In the operation of a distribution business there is a trade-off to be made between cost and quality of supply. Assuming an efficient operator, there are only a limited number of strategies available to improve the quality of supply. One approach is to construct a network that is more resistant to faults triggered by external causes. A distribution business can also increase maintenance levels to reduce the risk of equipment failing in service and to reduce response times when a fault does occur. Unfortunately such approaches also have cost implications. Hence an efficient distribution business will not attempt to provide a near perfect electricity supply irrespective of cost but will strive to strike a balance between the quality of supply provided and the price that consumers are willing to pay.

This price/quality trade-off is explicitly recognised in the target control regime for distribution businesses (Part 4A, subpart 1, of the Act). In terms of this regime, the Commission must assess distribution businesses against thresholds set by the Commission, identify for further investigation any businesses that breached those thresholds, and, if warranted, declare control over those businesses.7 As part of the quality thresholds thus established, distribution businesses are required to meaningfully engage with consumers to determine their demand for service quality, having regard to the available price-quality trade-offs. They also have to demonstrate that consumers’

views are taken into account when making asset management decisions.

To assist it in meeting its obligations under the Act, the Commission has requested us to:

• recommend best practice with respect to meaningful engagement by distribution businesses with consumers as outlined in clause 6(1)(e) of the Electricity Lines Thresholds Notice 2003, namely to :

(i) properly advise consumers about price-quality trade-offs available to them in relation to the goods and services provided by the distribution business;

(ii) consult with its consumers about the quality of goods and services that they require, with reference to the prices of those goods and services;

(iii) properly consider the views expressed by consumers during and after that consultation; and

(iv) adequately take these views into account when making its asset management decisions.

• propose ways in which consumer engagement can be integrated into the asset management decision-making processes of distribution businesses.

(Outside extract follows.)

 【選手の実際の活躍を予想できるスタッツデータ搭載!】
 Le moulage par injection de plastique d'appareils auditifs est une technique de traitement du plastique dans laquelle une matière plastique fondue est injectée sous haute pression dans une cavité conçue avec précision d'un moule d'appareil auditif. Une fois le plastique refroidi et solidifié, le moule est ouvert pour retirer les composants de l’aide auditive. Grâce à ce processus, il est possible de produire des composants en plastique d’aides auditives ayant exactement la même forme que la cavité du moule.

This part of the assignment was managed by Saunders Unsworth Ltd, working in conjunction with PB Associates. A survey of international practice with regard to consumer engagement and consultation by private and public sector electricity distribution businesses was conducted, and the information disclosed by distribution businesses on consumer engagement in their 2004 threshold compliance statements was examined. In addition interviews were held with various interested parties, including

7 This is the so-called “threshold regime”.

a number of distribution businesses. Based on the results of this work, recommendations for best practice consumer engagement and incorporating this into the AMPs have been developed and are presented in this report.